Key insight — use the opposite heap type:

Goal Heap type Why
k smallest Max-heap of size k Root = k-th smallest; anything larger gets evicted
k largest Min-heap of size k Root = k-th largest; anything smaller gets evicted

Pattern 3: Merging k Sorted Lists/Arrays

  • Use min heap to efficiently find the next smallest element
  • Add first element from each list to the heap
  • Repeatedly extract min and add its successor from the same list
  • Time: O(n log k) where n is total elements, k is number of lists

Pattern 4: Median Maintenance (Dual Heap)
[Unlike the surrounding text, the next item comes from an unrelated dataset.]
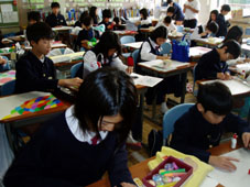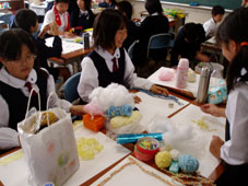 毛糸やビーズ、スパンコールなどを使って、思い思いに表しました。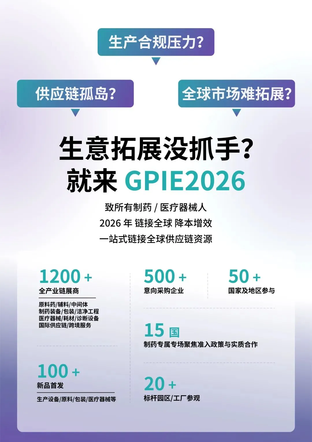 GPIE 2026不仅是产品与技术的展示平台,更是贯穿 研发、生产、供应链 的协同创新枢纽。我们致力于推动AI制药、绿色生产、跨境供应等前沿议题的落地,并通过精准对接、政策解读、园区考察等系列活动,助力企业高效布局全球市场。

  • Use two heaps to efficiently track median
  • Max heap: stores the smaller half of elements (can quickly access largest of small half)
  • Min heap: stores the larger half of elements (can quickly access smallest of large half)
  • Balance sizes: difference should be at most 1
  • Median is accessible in O(1):
    • If heaps equal size: average of both roots
    • Otherwise: root of the larger heap

Pattern 5: Top K Frequent Elements

  • Use hash map to count frequencies
  • Use min heap of size k to track k most frequent elements
  • Keep removing element with smallest frequency when heap exceeds k

See: Top K Frequent Elements for a complete implementation.

9.0.6 Min Heap vs Max Heap Comparison

Aspect Min Heap Max Heap
Root Element Minimum element Maximum element
Heap Property Parent \(\le\) Children Parent \(\ge\) Children
Go Less Method h[i] < h[j] (smaller bubbles up) h[i] > h[j] (larger bubbles up)
Java Default PriorityQueue<>() PriorityQueue<>(Collections.reverseOrder())
Primary Use Get minimum quickly Get maximum quickly
Extract Order Ascending (smallest first) Descending (largest first)
K Smallest Not ideal (use max heap) ✓ Maintain max heap of size k
K Largest ✓ Maintain min heap of size k Not ideal (use min heap)
Merge K Lists ✓ Always extract smallest Could use, but typically min heap
Median (lower half) Not used ✓ Stores smaller half, root is largest of small
Median (upper half) ✓ Stores larger half, root is smallest of large Not used

Key Insight: The choice between min and max heap depends on which extreme (minimum or maximum) you need quick access to. For k-element problems, use the opposite heap type (max heap for k smallest, min heap for k largest) to efficiently maintain the boundary element.